What you will do:
Copy the entries exactly. Their pictures do not belong in the copy.

[Data listing Boundary: Start]

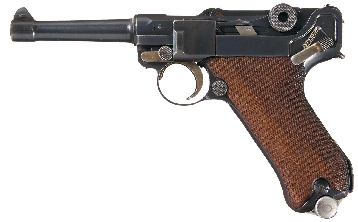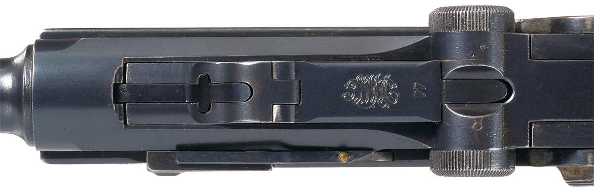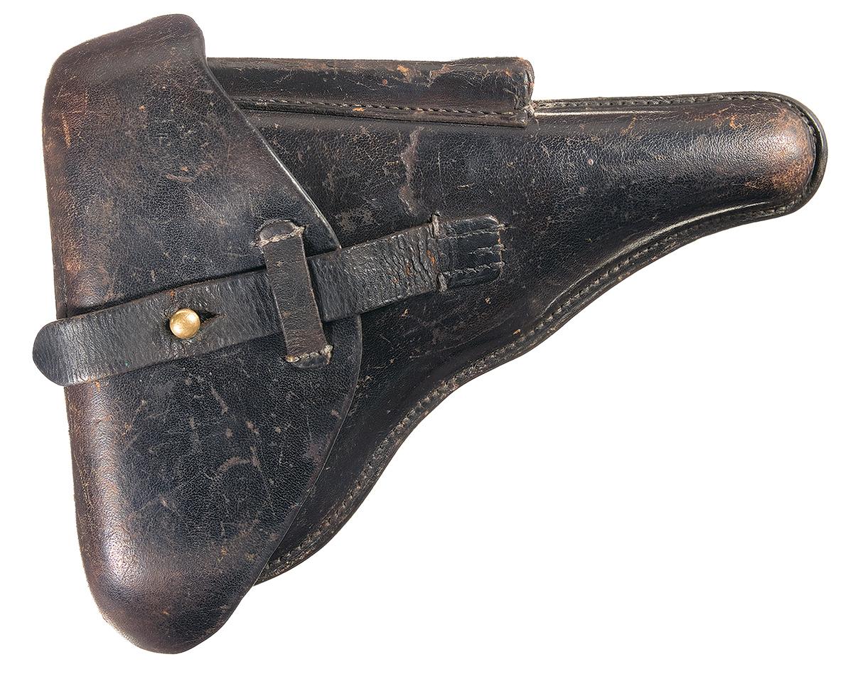 Fixed sights, with the blank chamber and "DWM" monogrammed toggle. "Crown/ N" proofs are present on the left side of the extension and breechblock, with "crown/ gothic letter" on the extension and barrel. The firing pin is unmarked, otherwise numbers are matching, and the front strap is stamped "S.D. IV 581.". Checkered walnut grips, with a Haenel production alloy magazine. With a black leather Robert Larsen (Berlin) holster, dated 1934, with takedown tool.
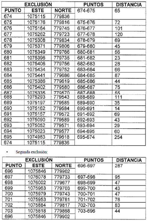 Donde a este globo se le hacen unas exclusiones de predios de propiedad privada con las siguientes coordenadas y distancias respetivas:
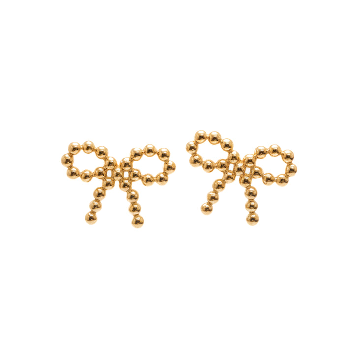 Ces puces d'oreilles super mignonnes en acier inoxydable reprennent la forme d'un joli nœud, entièrement réalisé avec de petites billes dorées. C'est le détail qu'il faut pour apporter une touche de féminité et de fantaisie à votre look.
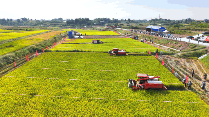 8月26日,“山城”重庆的天气“热情似火”,合川区隆兴镇玉河村的优质粮油示范基地里稻香阵阵,2024年重庆市“潍柴雷沃杯”水稻机收减损技能大比武活动火热开赛。
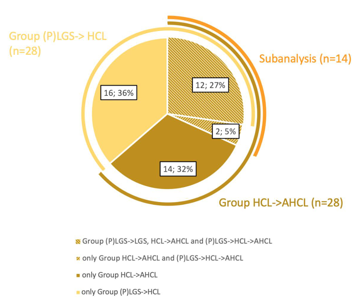 | (P)LGS → HCL group (n = 26) | HCL → AHCL group (n = 28) | (P)LGS → HCL → AHCL subgroup (n = 14) | |||||
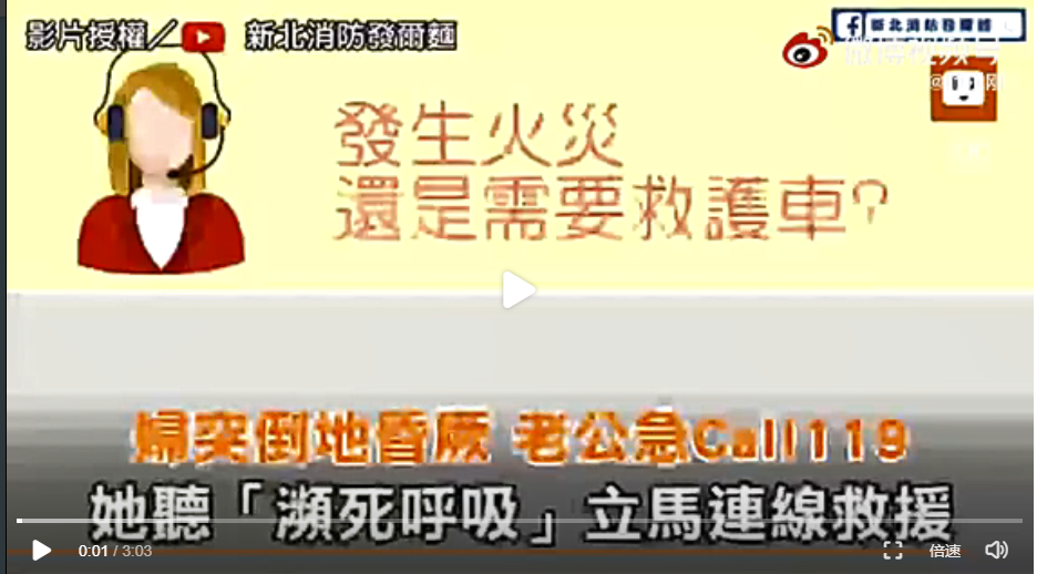 事发我国台湾新北市,一位先生拨打急救电话,表明他太太昏倒在地,需要救援。
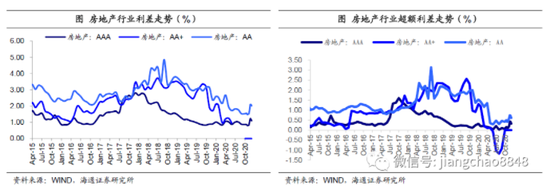 地产行业低等级和高等级债超额利差收窄。具体来看,截至12月4日,AAA级地产行业超额信用利差为33BP,较上周末下行8BP;AA级地产行业超额信用利差为61BP,较上周末下行10BP。
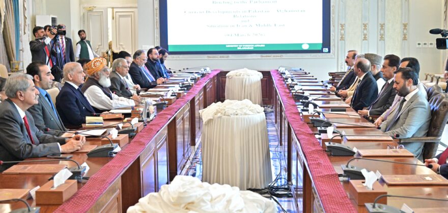 وزیر اعظم محمد شہبازشریف کی زیر صدارت پارلیمانی جماعتوں کے رہنماؤں و نمائندگان کا اجلاس*اجلاس کو پاکستان افغانستان صورتحال، ایران، مشرق و سطی و خلیج میں کشیدگی اور پاکستان کی سفارتی کوششوں کے حوالے سے ان-کیمرہ بریفنگ دی گئی
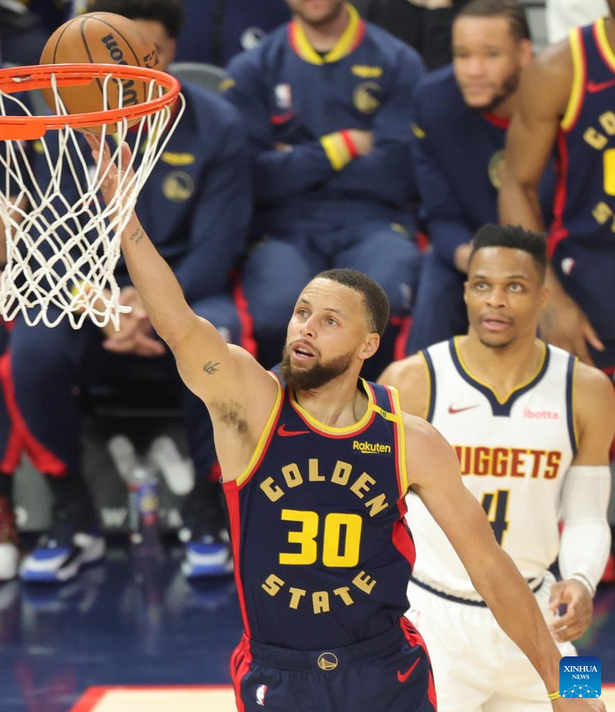 Stephen Curry (2nd L) of Golden State Warriors goes for a lay-up during the 2024-2025 NBA regular season game between Golden State Warriors and Denver Nuggets in San Francisco, the United States, April 4, 2025. (Photo by Arthur Dong/Xinhua)
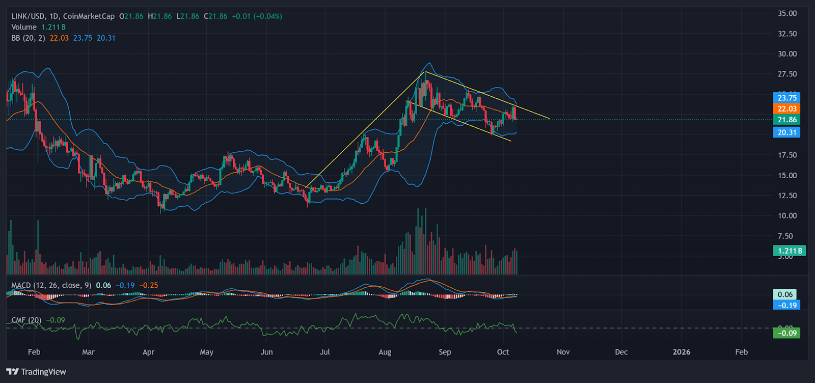 On the other hand, if LINK breaks below the $20 support, it may trigger further correction toward the $17.5 level. Bollinger Bands indicate tightening volatility, hinting that a significant move may be imminent.
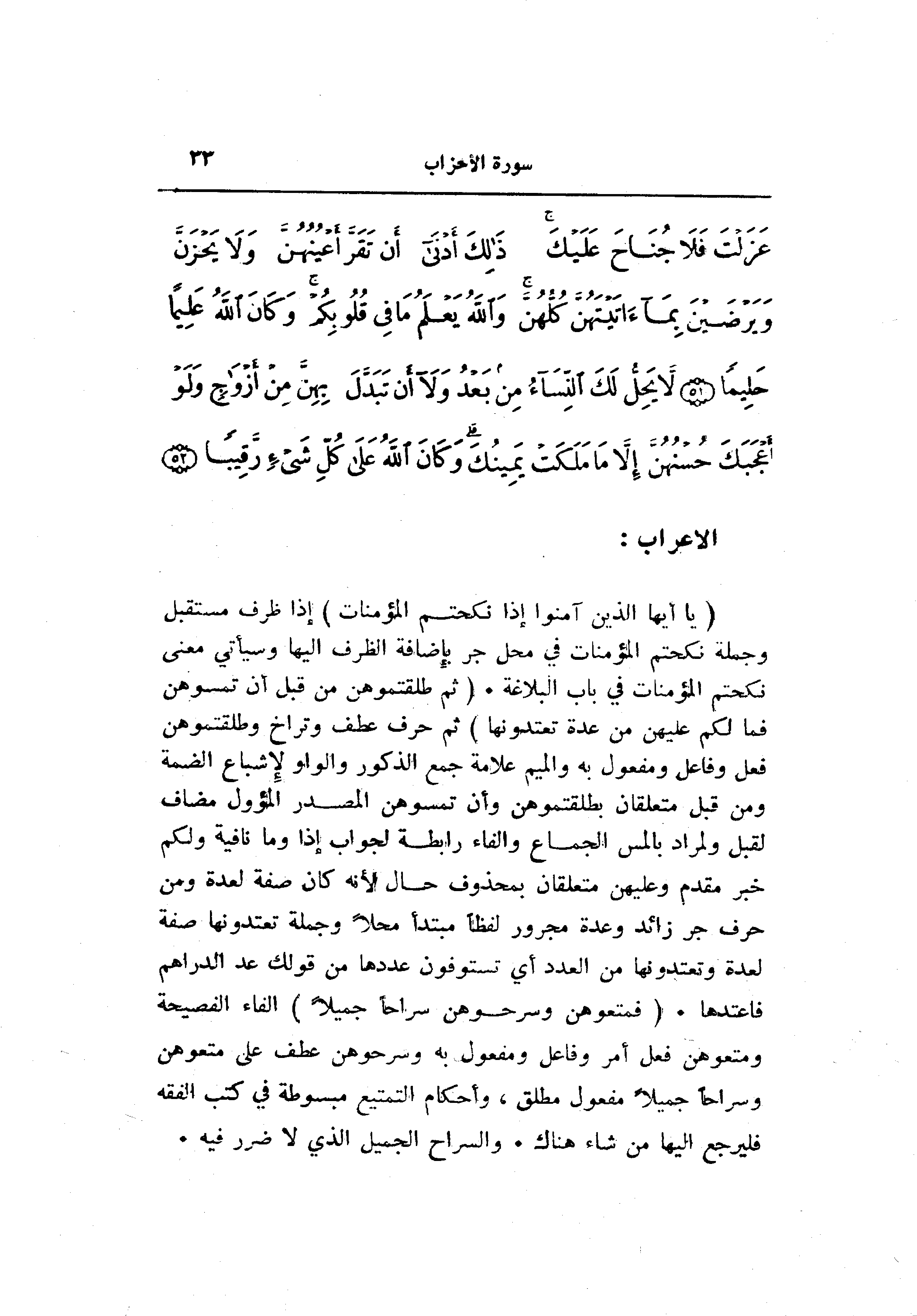 (يا أَيُّهَا الَّذِينَ آمَنُوا إِذا نَكَحْتُمُ الْمُؤْمِناتِ) إذا ظرف مستقبل وجملة نكحتم المؤمنات في محل جر بإضافة الظرف إليها وسيأتي معنى نكحتم المؤمنات في باب البلاغة. (ثُمَّ طَلَّقْتُمُوهُنَّ مِنْ قَبْلِ أَنْ تَمَسُّوهُنَّ فَما لَكُمْ عَلَيْهِنَّ مِنْ عِدَّةٍ تَعْتَدُّونَها) ثم حرف عطف وتراخ وطلقتموهن فعل وفاعل ومفعول به والميم علامة جمع الذكور والواو لإشباع الضمة ومن قبل متعلقان بطلقتموهن وأن تمسوهن المصدر المؤول مضاف لقبل ولمراد بالمس الجماع والفاء رابطة لجواب إذا وما نافية ولكم خبر مقدم وعليهن متعلقان بمحذوف حال لأنه كان صفة لعدة ومن حرف جر زائد وعدة مجرور لفظا مبتدأ محلا وجملة تعتدونها صفة لعدة وتعتدونها من العدد أي تستوفون عددها من قولك عد الدراهم فاعتدها. (فَمَتِّعُوهُنَّ وَسَرِّحُوهُنَّ سَراحاً جَمِيلًا) الفاء الفصيحة ومتعوهن فعل أمر وفاعل ومفعول به وسرحوهن عطف على متعوهن وسراحا جميلا مفعول مطلق، وأحكام التمتيع مبسوطة في كتب الفقه فليرجع إليها من شاء هناك. والسراح الجميل الذي لا ضرر فيه.
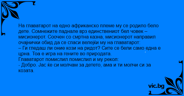 На вожда на африканско племе му се ражда бяло дете. Вика той белия мисионер и му вика:
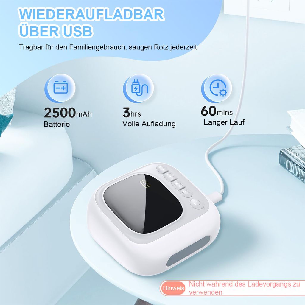 Endlich wieder ruhige Nächte für Baby und Eltern! Dieser elektrische Nasensauger macht das lästige Nasenreinigen so viel einfacher und angenehmer - für beide Seiten!

[Data listing Boundary: End]

Task answer:
 Fixed sights, with the blank chamber and "DWM" monogrammed toggle. "Crown/ N" proofs are present on the left side of the extension and breechblock, with "crown/ gothic letter" on the extension and barrel. The firing pin is unmarked, otherwise numbers are matching, and the front strap is stamped "S.D. IV 581.". Checkered walnut grips, with a Haenel production alloy magazine. With a black leather Robert Larsen (Berlin) holster, dated 1934, with takedown tool.
 Donde a este globo se le hacen unas exclusiones de predios de propiedad privada con las siguientes coordenadas y distancias respetivas:
 Ces puces d'oreilles super mignonnes en acier inoxydable reprennent la forme d'un joli nœud, entièrement réalisé avec de petites billes dorées. C'est le détail qu'il faut pour apporter une touche de féminité et de fantaisie à votre look.
 8月26日,“山城”重庆的天气“热情似火”,合川区隆兴镇玉河村的优质粮油示范基地里稻香阵阵,2024年重庆市“潍柴雷沃杯”水稻机收减损技能大比武活动火热开赛。
 | (P)LGS → HCL group (n = 26) | HCL → AHCL group (n = 28) | (P)LGS → HCL → AHCL subgroup (n = 14) | |||||
 事发我国台湾新北市,一位先生拨打急救电话,表明他太太昏倒在地,需要救援。
 地产行业低等级和高等级债超额利差收窄。具体来看,截至12月4日,AAA级地产行业超额信用利差为33BP,较上周末下行8BP;AA级地产行业超额信用利差为61BP,较上周末下行10BP。
 وزیر اعظم محمد شہبازشریف کی زیر صدارت پارلیمانی جماعتوں کے رہنماؤں و نمائندگان کا اجلاس*اجلاس کو پاکستان افغانستان صورتحال، ایران، مشرق و سطی و خلیج میں کشیدگی اور پاکستان کی سفارتی کوششوں کے حوالے سے ان-کیمرہ بریفنگ دی گئی
 Stephen Curry (2nd L) of Golden State Warriors goes for a lay-up during the 2024-2025 NBA regular season game between Golden State Warriors and Denver Nuggets in San Francisco, the United States, April 4, 2025. (Photo by Arthur Dong/Xinhua)
 On the other hand, if LINK breaks below the $20 support, it may trigger further correction toward the $17.5 level. Bollinger Bands indicate tightening volatility, hinting that a significant move may be imminent.
 (يا أَيُّهَا الَّذِينَ آمَنُوا إِذا نَكَحْتُمُ الْمُؤْمِناتِ) إذا ظرف مستقبل وجملة نكحتم المؤمنات في محل جر بإضافة الظرف إليها وسيأتي معنى نكحتم المؤمنات في باب البلاغة. (ثُمَّ طَلَّقْتُمُوهُنَّ مِنْ قَبْلِ أَنْ تَمَسُّوهُنَّ فَما لَكُمْ عَلَيْهِنَّ مِنْ عِدَّةٍ تَعْتَدُّونَها) ثم حرف عطف وتراخ وطلقتموهن فعل وفاعل ومفعول به والميم علامة جمع الذكور والواو لإشباع الضمة ومن قبل متعلقان بطلقتموهن وأن تمسوهن المصدر المؤول مضاف لقبل ولمراد بالمس الجماع والفاء رابطة لجواب إذا وما نافية ولكم خبر مقدم وعليهن متعلقان بمحذوف حال لأنه كان صفة لعدة ومن حرف جر زائد وعدة مجرور لفظا مبتدأ محلا وجملة تعتدونها صفة لعدة وتعتدونها من العدد أي تستوفون عددها من قولك عد الدراهم فاعتدها. (فَمَتِّعُوهُنَّ وَسَرِّحُوهُنَّ سَراحاً جَمِيلًا) الفاء الفصيحة ومتعوهن فعل أمر وفاعل ومفعول به وسرحوهن عطف على متعوهن وسراحا جميلا مفعول مطلق، وأحكام التمتيع مبسوطة في كتب الفقه فليرجع إليها من شاء هناك. والسراح الجميل الذي لا ضرر فيه.
 На вожда на африканско племе му се ражда бяло дете. Вика той белия мисионер и му вика:
 Endlich wieder ruhige Nächte für Baby und Eltern! Dieser elektrische Nasensauger macht das lästige Nasenreinigen so viel einfacher und angenehmer - für beide Seiten!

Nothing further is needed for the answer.